Когда отошла обедня, и отец-настоятель вышел из алтаря, вся толпа богомольцев хлынула ему навстречу — принять благословение. Но он опять сделал молчаливый знак рукой и направился к двум покаянникам в правом притворе. Курбский вместе с народом двинулся туда же.
— Ну, что, сыне мой? — спросил отец Серапион чашника строго, но не возвышая голоса. — Скорбишь ли?
— Скорблю и стенаю… — был глухой ответ. — И вспомнить страшно, сколь был бесстыж и невоздержан!
— А впредь остережешься?
— Остерегусь, святый отче!
— Клянешься в том?
— Клянусь Господом моим…
— Сам Сын Божий рече: «Радость бывает на небеси о едином грешнике кающемся, нежели о девяносто девяти праведных, не требующих покаяния». Редкого гостя ради слагаю с тебя ныне же вину твою. Иди и не греши.
Чашник со слезами благодарности припал к руке своего духовного начальника.
— А меня что же? — вызывающе прохрипел стоявший еще рядом на коленях юный сын Запорожья.
— Рано! — коротко отрезал игумен, окидывая его из своего единственного глаза палящим взглядом, и круто отвернулся.
— Чернецы окаянные! — злобно пробормотал тот ему вслед, не смея, однако, подняться с полу.
К счастью дерзновенного, отец Серапион его уже не слышал. Богомольцы, тесня друг перед другом, ловили на ходу благословляющую руку отца-настоятеля, целовали край его одежды. Направляясь к выходным дверям, он звучным басом затянул канон. Примкнувшие к нему монахи разом подхватили торжественную песнь и вереницей попарно потянулись за своим главою на церковную паперть, а оттуда, с тем же пением, мостками, переложенными через весь двор, к обительской трапезе.
Курбский, сторонясь толкотни, несколько поотстал. Тут около него очутился молоденький белец и попросил его от имени отца-настоятеля следовать за ним.
— И ты, добродию, пожалуй тоже, — проронил белец кому-то позади Курбского.
Оказалось, что слова эти относились к Гришуку Кошке, который, точно боясь уже потерять своего покровителя-попутчика, увязался за ним, как дитя за нянькой.
Боковой дверкой они следом за бельцом прошли в красный угол келарни. Около незанятого еще сидения настоятеля стояла кандия (медная чаша, заменяющая колокол в келарне) и возвышался аналой с Евангелием, а на стене над аналоем ярко горела золотыми окладами икон освещенная божница.
Вошедший тут главным входом с остальной братией отец Серапион, увидев своих двух молодых гостей, пригласил их молчаливым жестом занять почетные места по правую и по левую руку от себя и вполголоса ласково промолвил:
— Ознакомились?
После чего, оборотясь к инокам и сложив персты, погрузился в мысленную молитву. Примеру его последовали и старцы-монахи, и юнцы-послушники, и пришлые миряне, занявшие кругом места за расставленными вдоль келарни тремя рядами деревянных столов с переметными скамьями. Минуты две протекли так, среди общего богомыслия, среди мертвой тишины.

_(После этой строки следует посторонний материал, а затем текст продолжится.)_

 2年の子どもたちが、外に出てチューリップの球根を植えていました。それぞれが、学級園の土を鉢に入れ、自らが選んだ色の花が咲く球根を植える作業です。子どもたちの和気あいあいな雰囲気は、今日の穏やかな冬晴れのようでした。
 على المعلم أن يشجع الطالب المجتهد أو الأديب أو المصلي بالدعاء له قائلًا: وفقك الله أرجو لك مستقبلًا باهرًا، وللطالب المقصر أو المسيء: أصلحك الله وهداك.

Но вот отец игумен осенился крестом и ударил в кандию. Как по мановению волшебного жезла, трапеза мгновенно ожила: все разместились по своим местам, служки бросились со всех ног в «стряпущую» за «яствой», а с аналоя зазвучал нараспев протяжно-дробно и бесстрастно тенор очередного начетчика, читавшего из Четьи-Миней в назидание трапезующих житие Алексея, Человека Божия.

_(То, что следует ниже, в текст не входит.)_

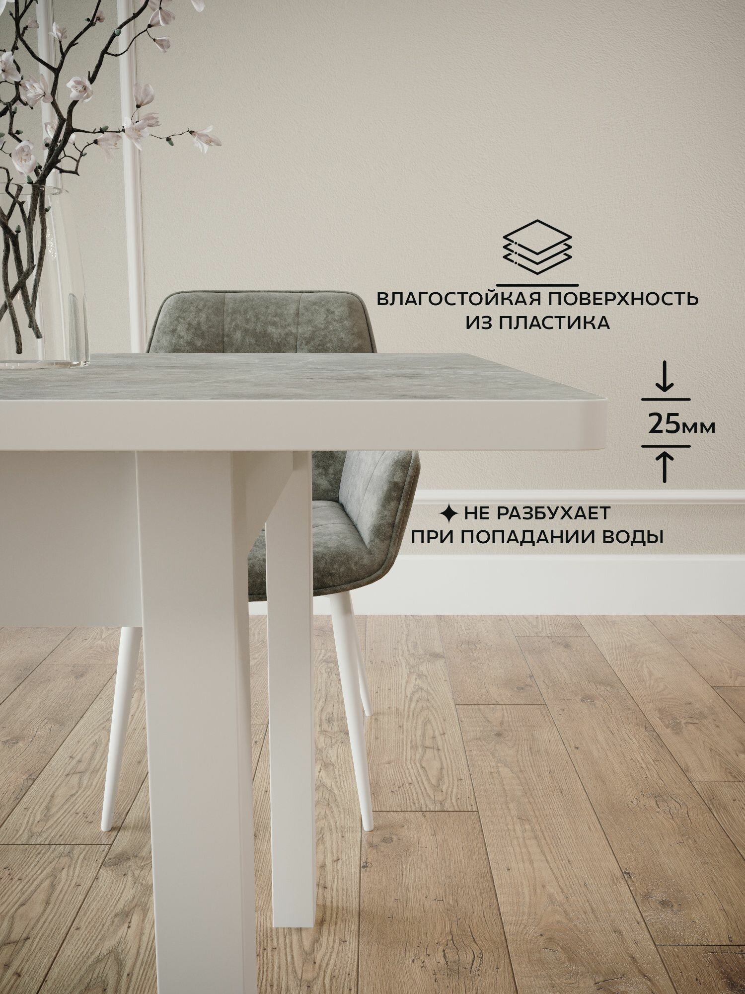 Стол кухонный раздвижной Прямоугольный, пластик Тунис серый, 120(150)х80 cм, ноги квадро белые: сравнение цен, характеристики, фото, актуальное наличие и цены.

Никогда еще не случалось Курбскому столовать среди монастырской братии, и потому глаза его невольно разбегались по сторонам. Перед каждым столующим заранее было положено по здоровому ломтю хлеба и по деревянной ложке; через несколько человек были расставлены большие ендовы-купели с квасом и плавающим на поверхности ковшом, которым каждый желающий мог черпать себе прохладительный напиток.